Home > > Building Codes and Permits


After you have selected your design and ordered working drawings, you and your builder must go through three steps. If you understand the process, it will help to make building your dream home a pleasant experience.


1. Submit your construction drawings to your local building inspector to get a permit to build.

We suggest buying reproducible masters or CAD files if you are going to build a house. You can use these to make a review copy for the building official. Our designs were drawn to meet the national code. Building codes can vary from region to region due to the specific needs for that area. A home plan to be built in California will need to meet local codes related to earthquakes while a house plan built in Florida along the coast will need to consider local hurricane-related building code requirements. 
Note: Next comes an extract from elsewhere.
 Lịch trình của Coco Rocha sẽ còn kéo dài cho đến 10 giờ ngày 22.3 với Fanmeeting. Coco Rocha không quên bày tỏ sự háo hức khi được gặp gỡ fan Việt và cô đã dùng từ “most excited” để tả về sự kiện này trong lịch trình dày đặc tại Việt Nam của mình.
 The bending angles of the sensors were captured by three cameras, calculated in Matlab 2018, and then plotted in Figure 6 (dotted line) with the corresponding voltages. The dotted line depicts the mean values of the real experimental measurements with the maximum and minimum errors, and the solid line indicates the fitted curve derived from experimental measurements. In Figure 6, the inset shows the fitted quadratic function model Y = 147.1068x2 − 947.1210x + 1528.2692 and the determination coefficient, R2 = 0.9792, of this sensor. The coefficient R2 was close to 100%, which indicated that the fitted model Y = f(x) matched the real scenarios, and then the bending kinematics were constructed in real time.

After the building official itemizes the changes needed, your builder will probably suggest a local architect or draftsman who can adjust the plan accordingly.


2. Pay any fee required so that a building permit can be issued.
This permit allows you and/or your builder to build your house according to your local code requirements. This permit must be displayed at the construction site. It also states how long the permit is valid for construction.
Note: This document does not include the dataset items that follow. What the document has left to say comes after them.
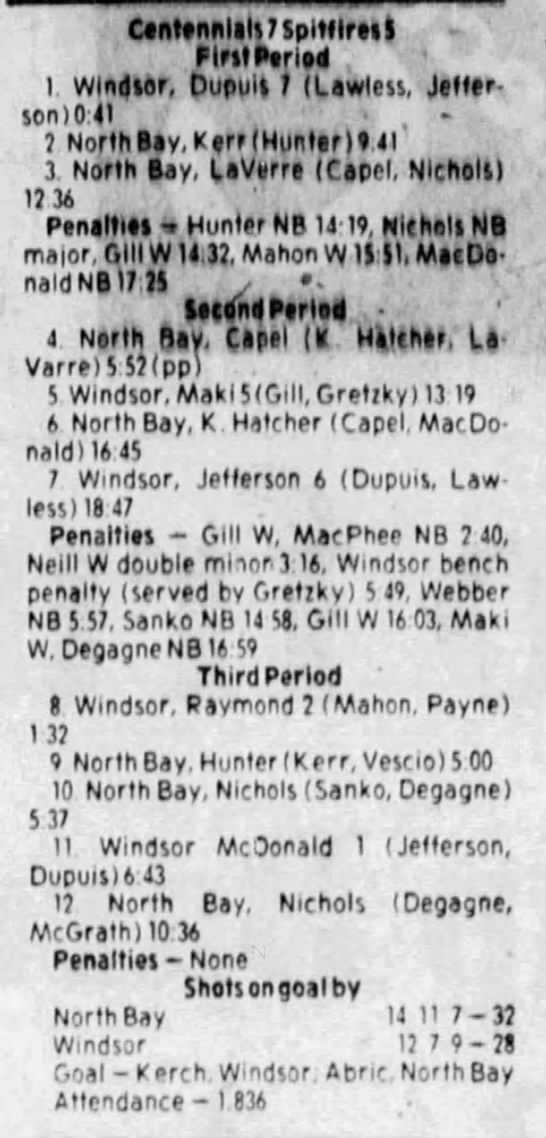 November 27 1983- Windsor @ North Bay
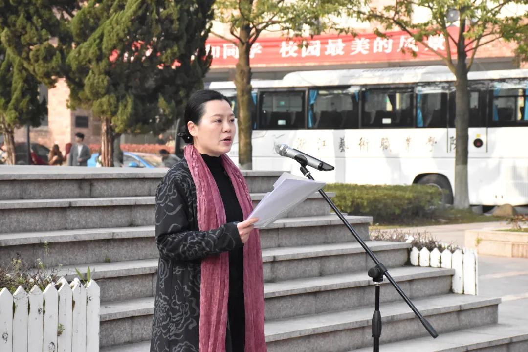 举行升国旗仪式和国旗下讲话,是浙艺一项传统爱国主义教育轮训活动,也是学习贯彻习近平新时代中国特色社会主义思想、加强学生社会主义核心价值观教育的重要载体。升旗仪式由戏曲学院教工党支部书记柴轶佳主持。随着仪仗队迈着整齐的步伐走向升旗台,雄壮的国歌声中,全体师生注目冉冉升起的五星红旗。灿烂的阳光下,鲜艳的五星红旗徐徐迎风展开,飘扬在浙艺美丽的校园上空。
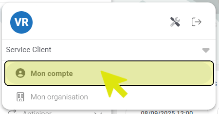- Pour accéder à votre espace « Mon compte », il suffit de cliquer en haut à gauche de votre plateforme Insight, sur vos initiales (ou sur votre photo personnelle) :

3. Get a Certificate of Occupancy (often just called a “C.O.”) when the home has been completed.
The building official inspects the house construction to make sure the house is in livable condition and that local code was followed. Without the approved paperwork, a family cannot legally move into the newly constructed house.
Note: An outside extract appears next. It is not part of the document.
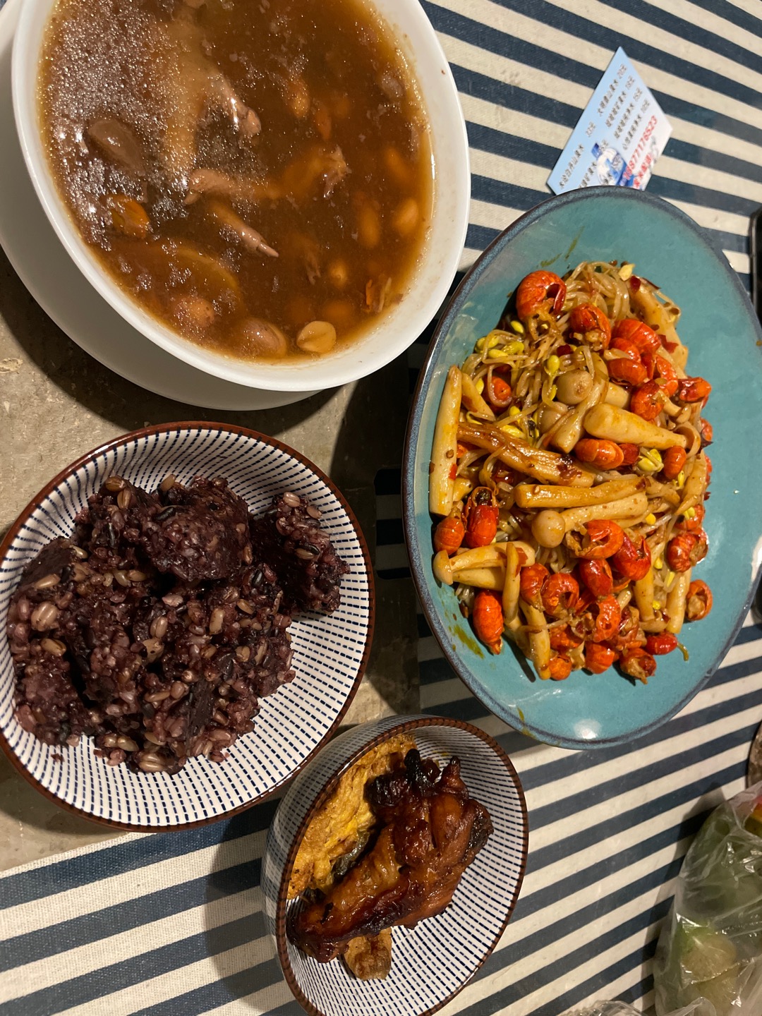 来晚餐:粗粮饭+鸡爪花生汤+炒豆芽+鸡翅根

 Including these steps as part of your building process, along with a bit of patience, will make for a much smoother house-building experience!


Additional Engineering / State Stamp

In some regions, there is another step you will need to take to insure your house plans are in compliance with local codes. Even though our plans are drawn to national code standards, some areas of North America have additional engineering requirements. It is possible you will need to hire a State licensed structural engineer to review the design and provide additional drawings and calculations required by your local building department. Examples of this would be, but not limited to,

    •    Earthquake-prone areas of California and the Pacific Coast

    •    Hurricane risk areas like Florida and the Gulf States

    •    New York, New Jersey, Nevada and sections of Illinois

If you aren’t sure, we highly recommend contacting your building department. They will be able to provide you a list of the items they require to submit to obtain a building permit.

Additionally, stock plans do not have a professional stamp attached. If your building department requires one, they will only accept a stamp from a professional licensed in the state where you plan to build. In this case, you will need to take your house plans to a local engineer or architect for review and stamping. In addition, plans which are used to construct homes in Nevada are required to be drawn by a licensed Nevada architect.